Не верх еще то издевательств, фантазии полицаев не предел: на зоне номер два еврейской нации еще не то сносить приходится, еще и не такими способами дух из сыновей Израилевых выбивают — когда деревья валят, заставят человека влезть на верхушку из последних сил, подпилят дерево, и падает несчастный, обняв сосну, с многометровой высоты, и умирает с перебитыми костями, прободанный сучками, придавленный стволом. Или поставят двух евреев друг напротив друга и принуждают разбежаться, сшибиться лбами что есть силы, как бараны. Откажешься — бьют до смерти. Казалось, дно уже, не опуститься ниже человеку в обратном вырождении, но нет, не знают комендант Радомски и его присные ни пресыщения этой властью, ни остановки хоть минутной от усталости; как будто для того, чтобы живым себя почувствовать, чтоб во всамделишность существования уже поверить своего, необходимо задавить, сломать очередное человеческое дышащее, полупрозрачное от голода устройство. Вот это дозволение самому себе на людоедство не вытолкнешь уже обратно, по капле из себя не выдавишь.

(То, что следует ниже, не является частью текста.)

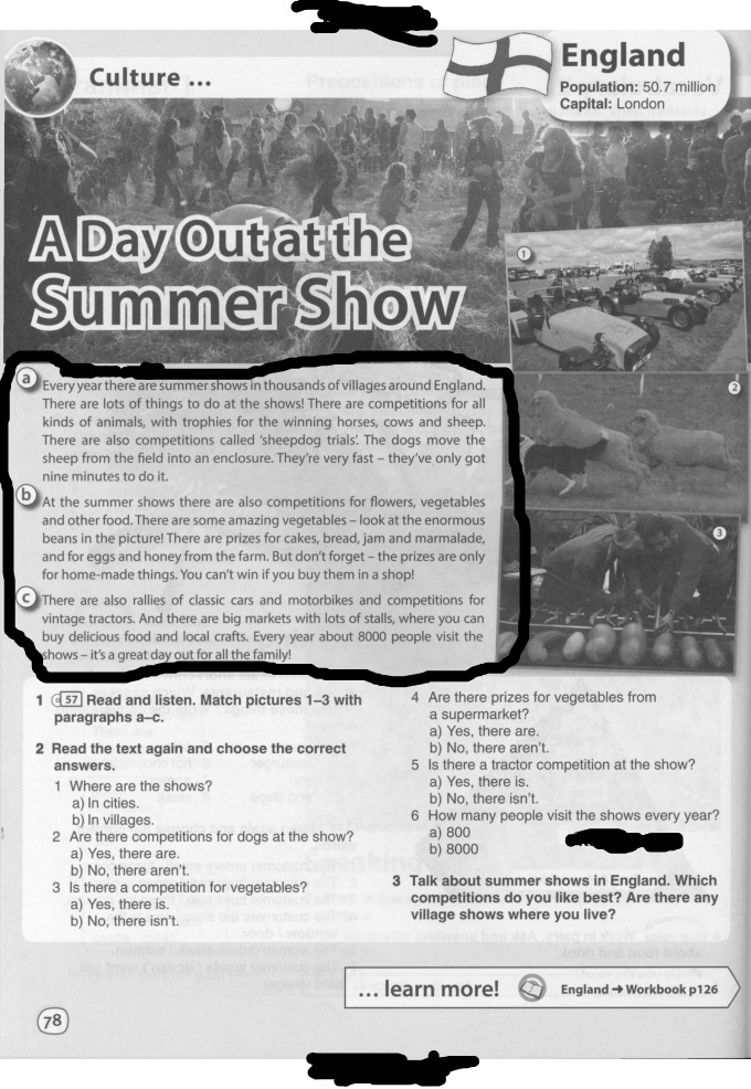 Есть много вещей, которые нужно сделать на выставках. Есть соревнования для видов животных, с трофеями для победителей, коров и овец. Есть также соревнования, называемые трисами овчарок. Собаки переносят овец из поля в причуду. Они очень крутые - у них есть только девять минут. На летних выставках есть много соревнований за цветы, овощи и другую еду. На изображении есть несколько овощей. Посмотрите на бобы эноэмо на картинке. Здесь есть приа для cakans, хлебного джема и мармелада, а также для яиц и меда из фейма. Но не забывайте, что призы могут быть сделаны только для домашних вещей. Выиграйте кошки, если купите их в магазине. 9 Существует множество раллийных автомобилей, спортивных состязаний и соревнований для старинных тракторов. Это большие рынки с множеством ссор, когда вы можете купить тодс и местные ремесла. Каждый год около 9200 человек посещают семинары. это отличная семья

И каждый день по десять, двадцать человек на поле оставляют трудники, и каждый день еще полсотни человек кончаются на нарах в лагере от тифа, дизентерии, голода, побоев. На землю сумерки опустятся — тогда кончаются грабарские работы; своими же руками побросают в яму умерших товарищей, построятся в колонну по трое и побредут обратно в лагерь пленные. Ни слова в замордованной колонне — не потому что запрещается, а потому уже, что сил на слово, на человечью членораздельность нет; стянулись черствой коркой спекшиеся губы, распухли безобразно языки; лишь стоны, рвущий кашель и хрипы раздаются трудные, будто в грудях ворочаются трудно и хрустят проржавленные рычаги; дыхание пленного горячечно, и в мареве расплавленного мозга восстают, дрожат, трепещут, зыблются видения, которым ни названия, ни подобия в мире нет: в бешеной пляске красные собаки вокруг зрачка несутся языками пламени, утаскивают, втягивают в уничтожающее мир и мозг круговращение… уносит вдаль, в небытие, покой кипяток крови ослабевшее и иссыхающее тело, насилу удается в последний перед мраком миг рвануть его обратно, на себя. То страшные сны наяву, на ходу им пригрезятся, то, наоборот, прельстительные: поднимется откуда ни возьмись пьянящий, одуряющий горячий дух поджаристого хлеба, картошки, сваренной в мундире, и так идешь, всем существом вот длишься вслед, не в силах глаз отвесть от ясного фантома румянящейся корочки, дымящегося картофана в чугунке.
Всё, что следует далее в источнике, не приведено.